Today, the President officially extended the trade embargo against Cuba for another year -- putting the US at odds again with roughly 183 nations that vote against the embargo each year in the United Nations.

The President's global mystique has been based on a perception that he would shift the Bush era gravitational forces in more constructive directions -- that he would support engagement and exchange as tools of American foreign policy in order to try and get better outcomes in international affairs.

But by continuing an embargo that undermines American interests and even US national security, he chooses the continuity of failure over the opportunity for change and over his own principles.

By arguing that "he will not lift the embargo until Cuba undertakes democratic and economic reforms", Obama is perpetuating a fallacy that conditionality produces results in Cuba's domestic internal affairs. That approach has failed for decades -- and needs to be dropped.

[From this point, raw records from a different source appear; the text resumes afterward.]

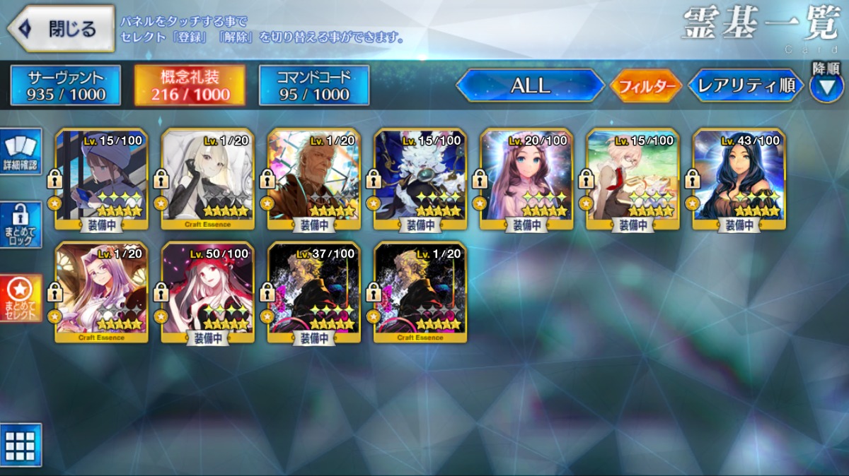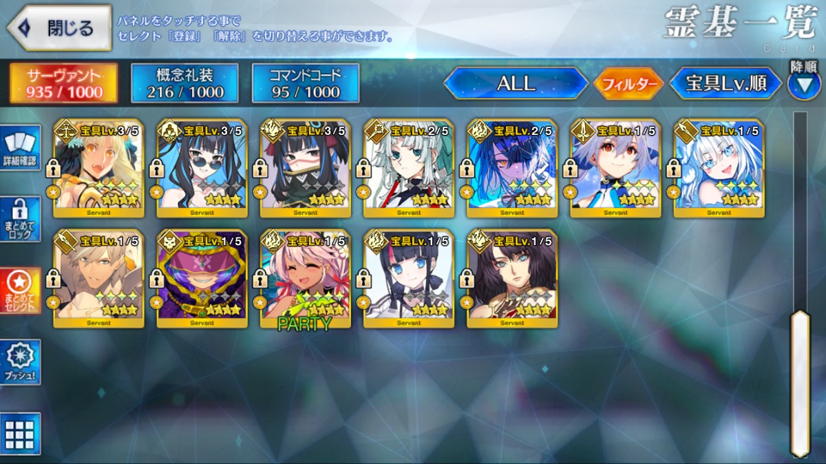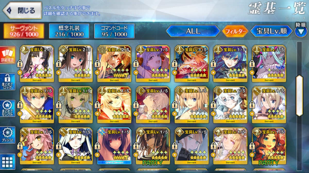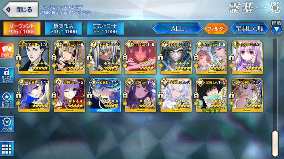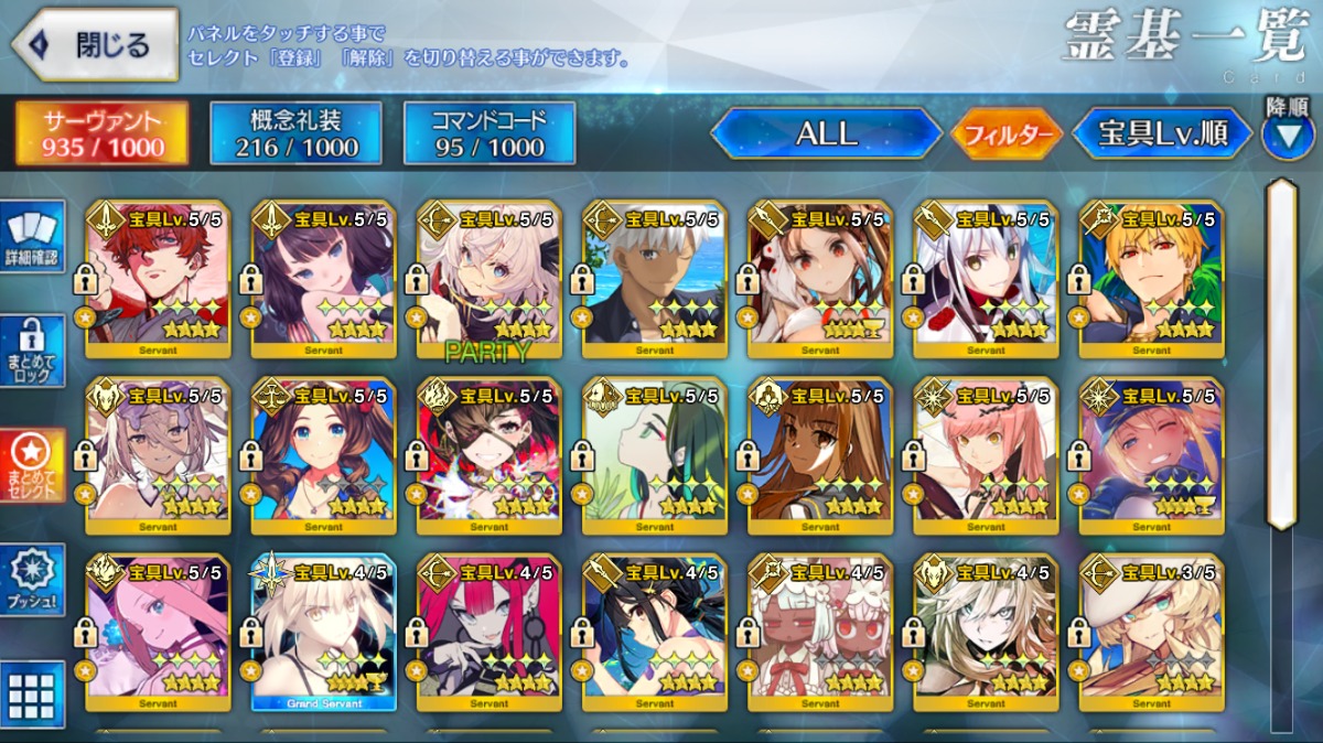 アルクェイド宝具5:Lv120・玉兎宝具3・水着ティアマト宝具2など所持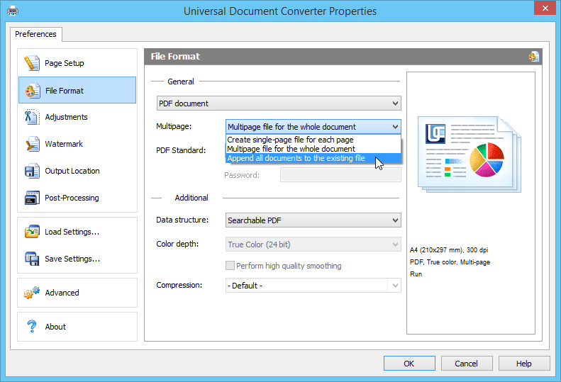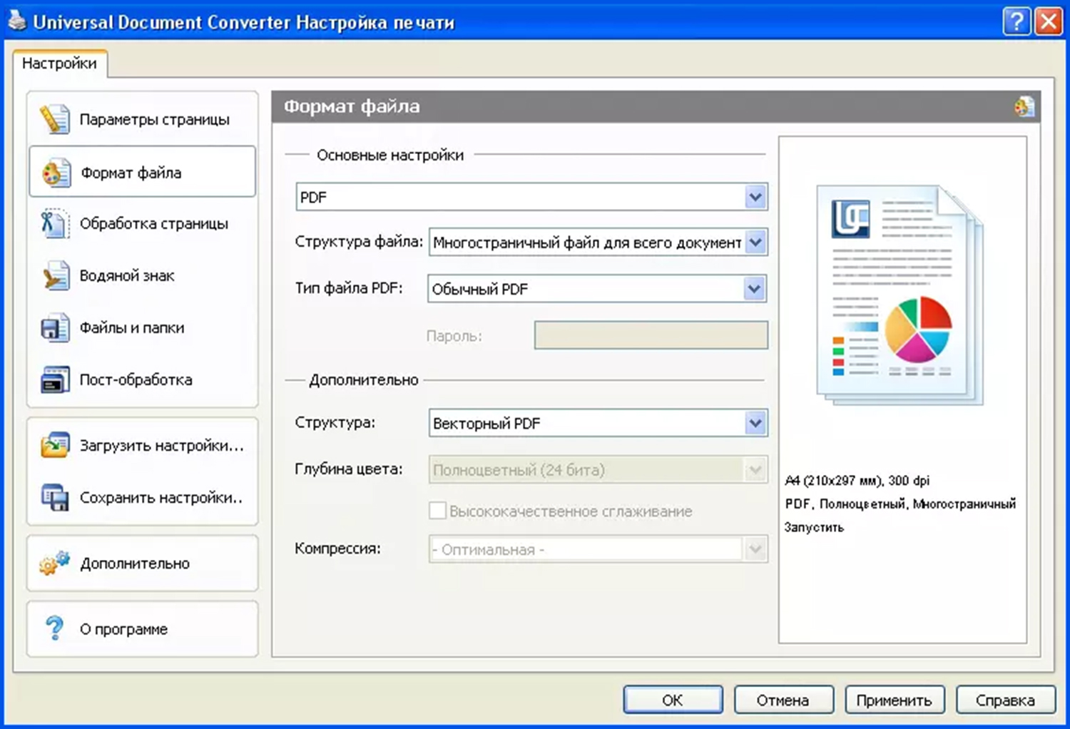 Одним из ключевых преимуществ Universal Document Converter является широкий набор параметров для точной настройки конечного результата. Программа позволяет пользователю полностью контролировать процесс конвертации — от выбора формата файла до глубокой корректировки цвета и сжатия.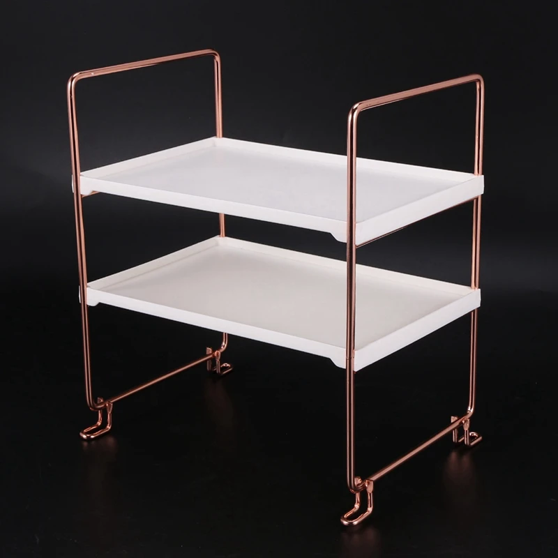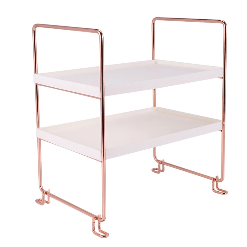 2X Desktop Storage Rack Rose Gold 2 Layers Bathroom Makeup Organizer Assembled Kitchen Seasoning Iron Storage Shelves - Купить с бесплатной доставкой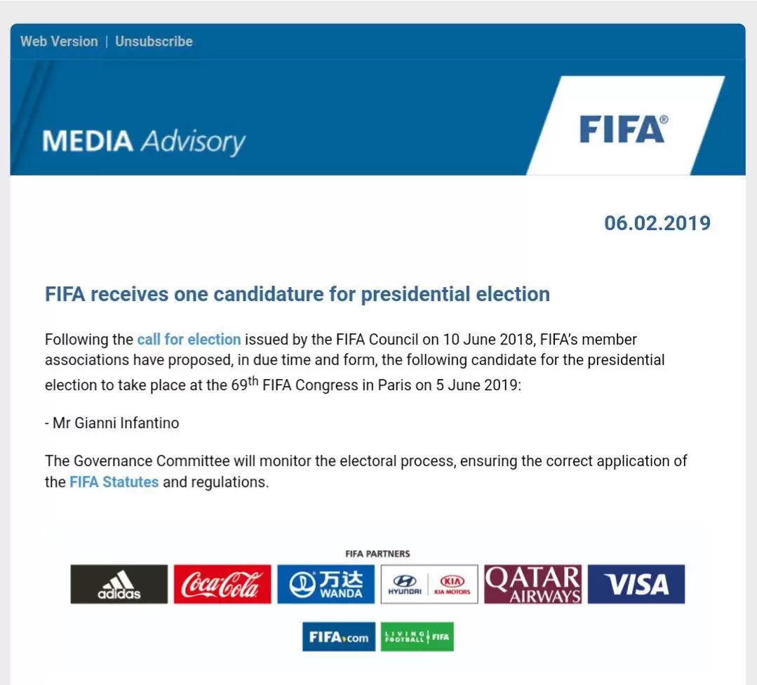 De cara a las elecciones que se llevarán a cabo este año para definir al presidente de la FIFA, el único candidato oficial sigue siendo el presidente actual, Gianni Infantino.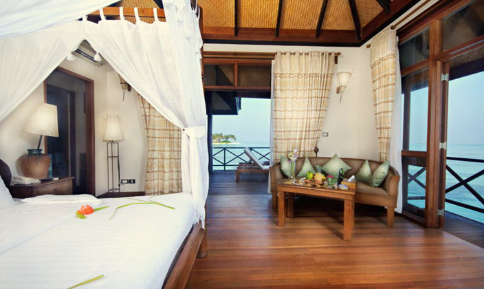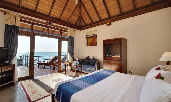 一棟客房有上下兩層共4個套房,都是面海而建,有露天陽臺。陽臺離海很近,站在陽臺上就可以俯視珊瑚海灘和瀉湖的美景。房中有起居室和寬敞的衛浴室,還包括舒適大床、沙發和衛星電視等。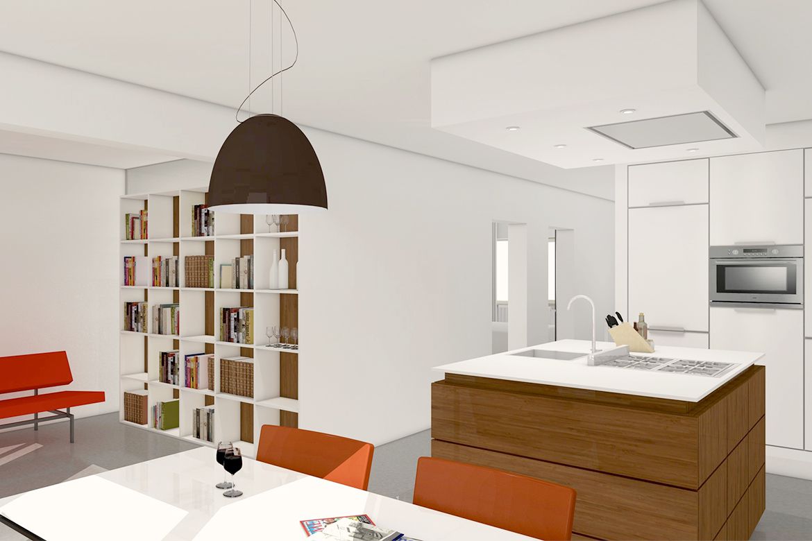 Twee matglazen schuifdeuren scheiden het private gedeelte van de woonkamer en keuken. Het hart van de woonkamer wordt gevormd door een houten kookeiland met een flinterdun aanrechtblad. Achter het kookeiland is een ingekaderde kastenwand geplaatst, waardoor het toilet en de cv-ruimte niet in directe verbinding met de keuken staan. Rondom de keuken kan gewerkt worden, en is tevens plaats voor een eettafel aan het raam. De houten afwerking komt terug in een boekenkast die de scheiding vormt met de badkamer. De matglazen omlijsting die de daglichttoetreding tot de badkamer verzorgt gaat geruisloos op in de bestaande structuur van wanden en balken.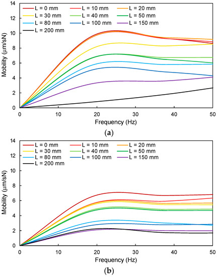 Mobility spectrum according to measurement location: (a) 8 mm thick acrylic plate and (b) 8 mm thick acrylic plate.

The President has made some progress on Cuba -- but its mostly progress that the most hawkish, right wing elements of the Cuban-American community desired, not progress that was based on the interests of the nation as a whole.

Obama needs to fix his course on Cuba, or despite the modest creep forward recently -- helping a single class of ethnic Americans access Cuba but keeping up prohibitions on other American citizens, he will be added to a long roster of Presidents who maintained a Cold War in the America's backyard that is, as David Rothkopf called it, "the edsel" of US foreign policy.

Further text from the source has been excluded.